El juicio a Jesús expone cómo se destruye la justicia: lo que no te cuentan
La justicia en la Pasión de Cristo: un caso de arbitrariedad judicial
El arresto, juicio y ejecución de Jesús no solo son un relato religioso. Son un expediente que desnuda fallas graves en la justicia, defectos que hoy tratamos de corregir para proteger derechos básicos.
Lo que ocurrió realmente
- Jesús fue juzgado sin acusación formal ni defensa.
- Los «tribunales» usaron criterios basados en creencias personales, no en pruebas objetivas.
- El juicio fue nocturno y sin respeto a normas previas, vulnerando la legalidad.
- Pilato se lavó las manos y cedió a presiones sociales, ignorando la duda razonable a favor del acusado.
Por qué esto cambia el escenario
Este proceso muestra el peligro cuando la justicia se politiza y abandona la racionalidad. Los principios actuales, como la presunción de inocencia o el derecho a la defensa, no son simples formalismos: nacieron para impedir exactamente este tipo de atropellos.

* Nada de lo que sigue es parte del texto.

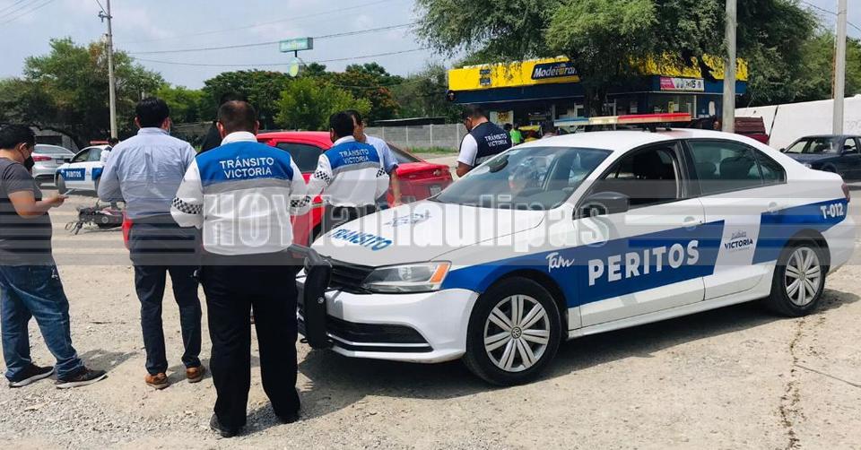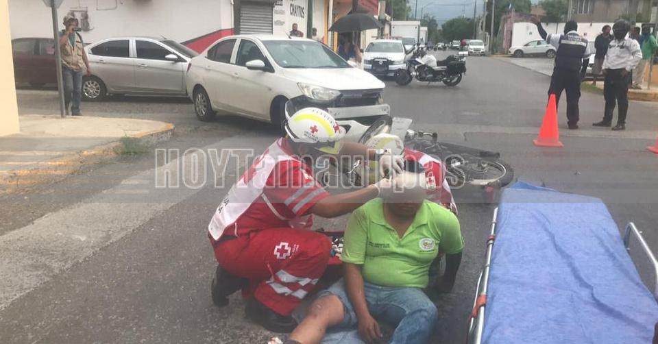 Conductor se pasa alto y tumba a motociclista en Ciudad Victoria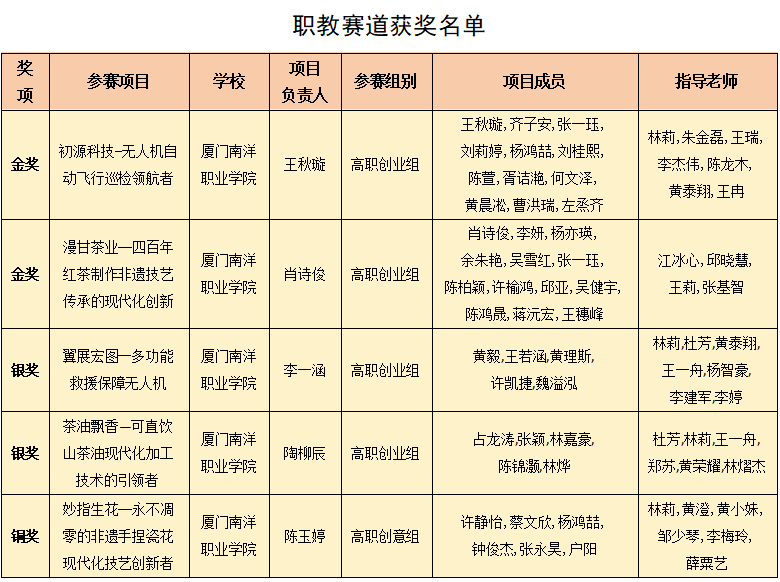 “我们要用项目驱动成长,实战锤炼本领,让‘创新创业’的种子深植于多元开放的沃土之上,培育出懂技术、又善经营、更具有社会责任感的复合型人才。”金奖项目“初源科技——无人机自动飞行巡检领航者”指导教师林莉说道。“初源科技”项目是本届高职创业组的第一名。她表示厦门南洋学院“3+3创”人才培养模式及“政—校—企—村”四位一体实践模式,培养了学生职业技术和社会素养,激发学生创新创业能力。
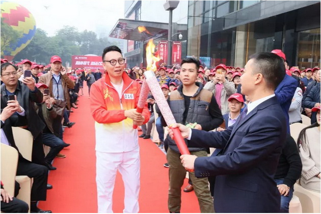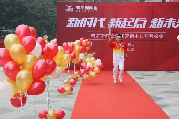 威尔斯陶瓷品牌总经理李总接递最后第十八棒火炬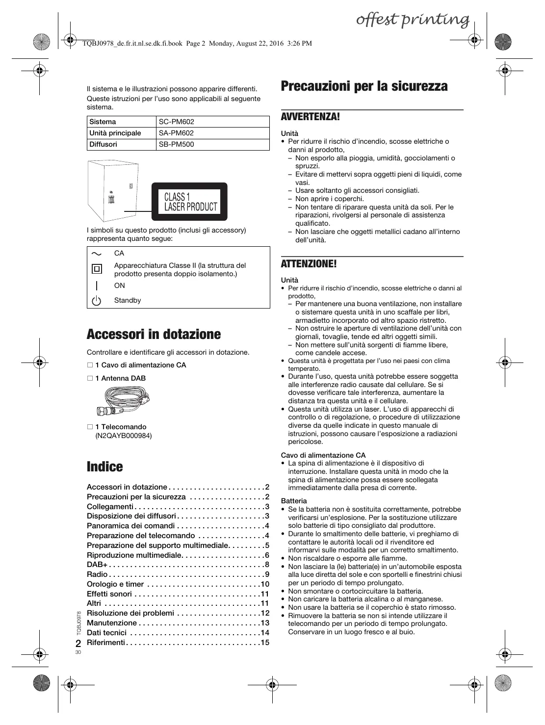 - Rimuovere la batteria se non si intende utilizzare il telecomando per un periodo di tempo prolungato. Conservare in un luogo fresco e al buio. offest printing TQBJ0978_de.fr.it.nl.se.dk.fi.book Page 3 Monday, August 22, 2016 3:26 PM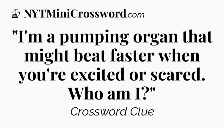 The clue “”I’m a pumping organ that might beat faster when you’re excited or scared. Who am I?”” most recently appeared in a Daily Themed Classic Crossword on July 6, 2024.

El caso revela cómo la independencia judicial y la tutela judicial efectiva no son debates teóricos sino condiciones básicas para evitar decisiones arbitrarias y persecuciones injustas.
Qué viene después
Si ignoramos estas lecciones, la justicia seguirá siendo un instrumento de poder y no de verdad. Reforzar garantías procesales es urgente para evitar que presiones políticas y sociales sigan dictando sentencias sin fundamentos.
La historia de Jesús no solo interpela la fe, también cuestiona la calidad de nuestras instituciones y la vulnerabilidad a agendas que destruyen el Estado de derecho.